In addition, what is necessary is just to set the value of a specific frequency and the determination range suitably. However, the specific frequency is preferably determined in consideration of the sampling period. For example, when sampling is performed once per second (1 Hz), the value of the specific frequency (5 Hz) includes an error in the range of ± 1 Hz, so an appropriate value in the range of 4 to 6 Hz is set. Alternatively, it is conceivable that the maximum value of the power spectrum in the range of 4 to 6 Hz is the above Sx _power and Ax _power .

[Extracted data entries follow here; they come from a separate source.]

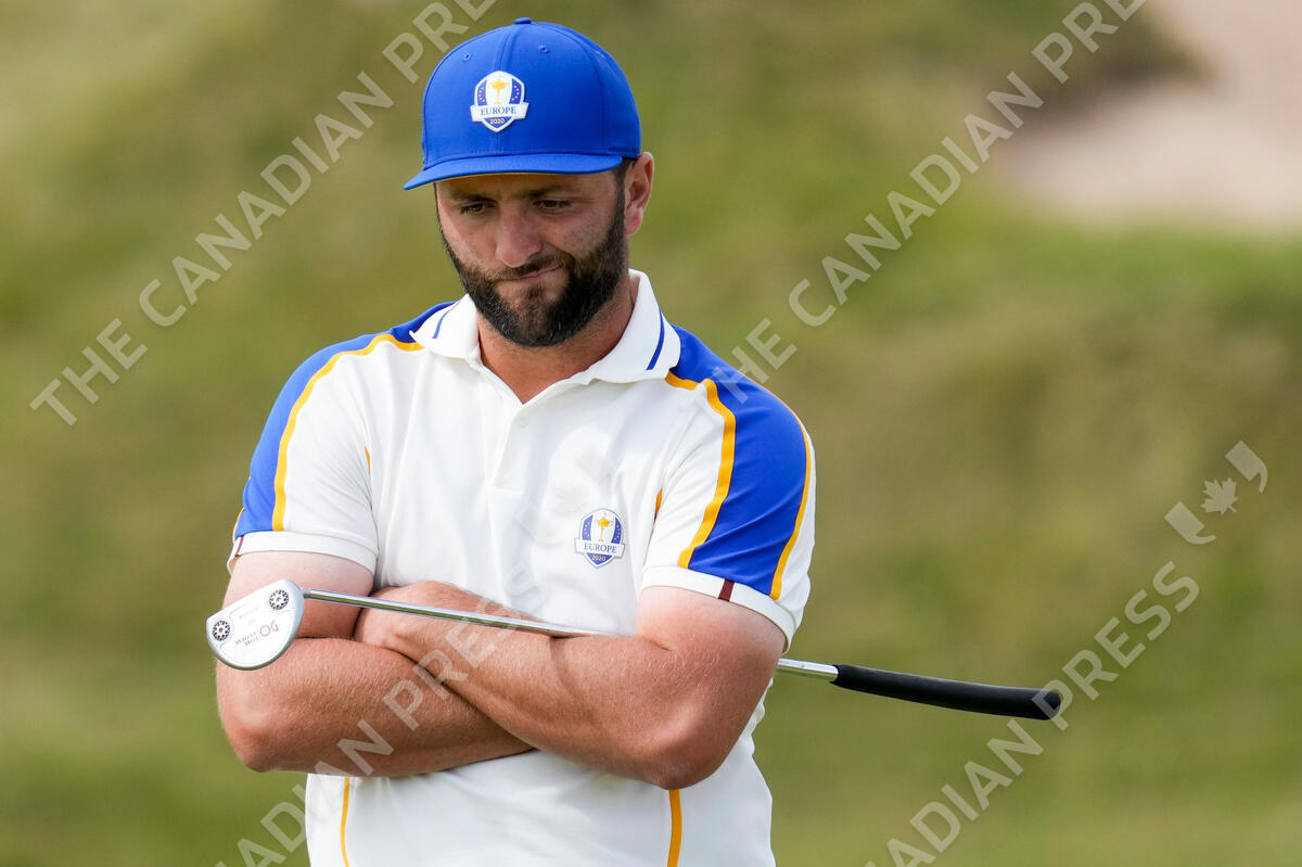 Team Europe's Jon Rahm reacts after missing a putt on the 10th hole during a Ryder Cup singles match at the Whistling Straits Golf Course Sunday, Sept. 26, 2021, in Sheboygan, Wis. (AP Photo/Ashley Landis)
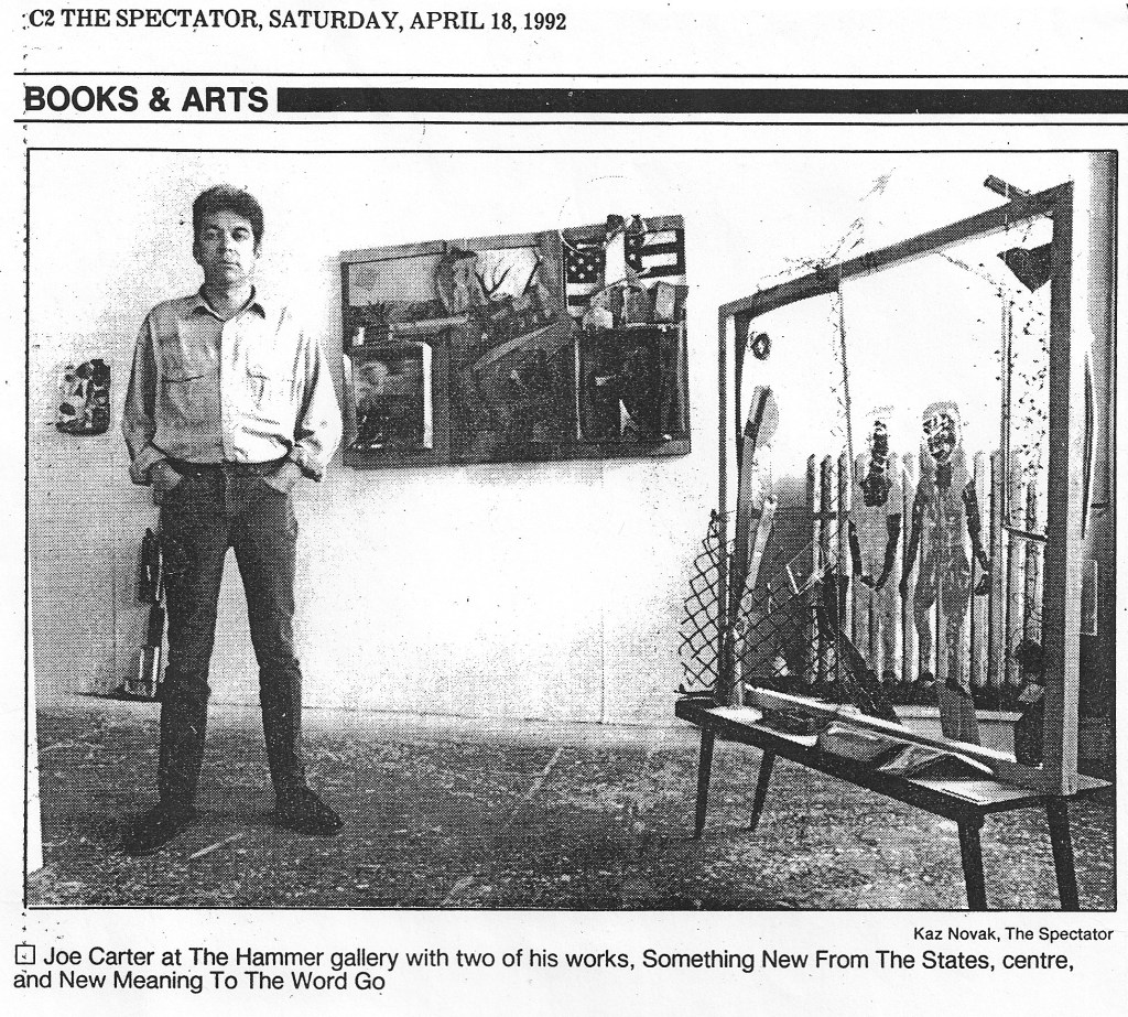 In 1992 Jim Mullin & Denise Lisson offered me a solo exhibition at their Hammer Gallery. This was my first opportunity to showcase my constructions since the Hamilton Artists Inc. in 1980 although I’d had a solo exhibition of my woodcuts at the Carnegie Gallery in 1988. During that time I had been in number of group exhibits and had built a body of work, this was a great opportunity. The show was well attended making it an extra great opening. The Hamilton Spectator’s Paul Benedetti wrote a fine article titled “This Art Is Garbage” the only downside being he called me Joe Carter. The Toronto Blue Jays were hot that year led by said Joe Carter and headed for the World Series, I guess Paul was a huge baseball fan. As I always say “anything is better than nought”.
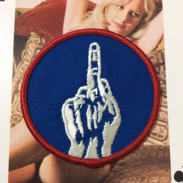 BW embroidered patch, round shape, middle finger salute, contrasting outline, blue/red/white, size 3″
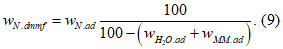 Поскольку азот не содержится в минеральной массе топлива, пересчет содержания азота (см. ГОСТ 28743) с аналитического на сухое без минеральной массы состояние производят по формуле:
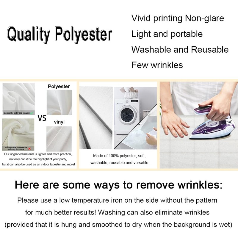 - ❤Material: Economical polyester fiber, soft, durable and reusable. There is a crimping to prevent background tearing. Washable and ironing (but do not use bleach water for washing and ironing)
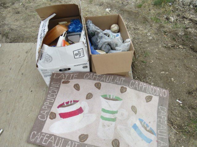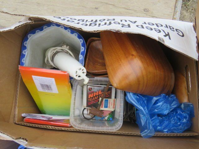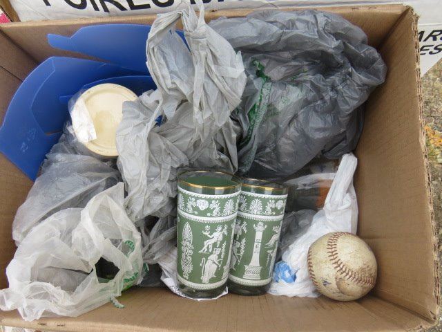 LOT OF 2 BOXES MISC. HOUSE HOLD ITEMS (WOODEN BOWL SET, GREEK GLASSES, RUG)

3 is a graph of a power spectrum obtained by performing FFT processing on the measurement values shown in FIG. 2. FIG. 3A shows the power spectrum of the acceleration (X axis) of the acceleration sensor 20, and FIG. ) Is shown in FIG. When there are a plurality of peaks as in the example of FIG. 3, the determination unit 32 sets a frequency (4.5 Hz in FIG. 3A) indicating the maximum peak in the power spectrum of acceleration to a specific frequency, and this 4 it may perform an abnormality determination of the inclination sensor 10 using a ratio _{Sx fpower / Ax fpower} power spectrum in .5Hz.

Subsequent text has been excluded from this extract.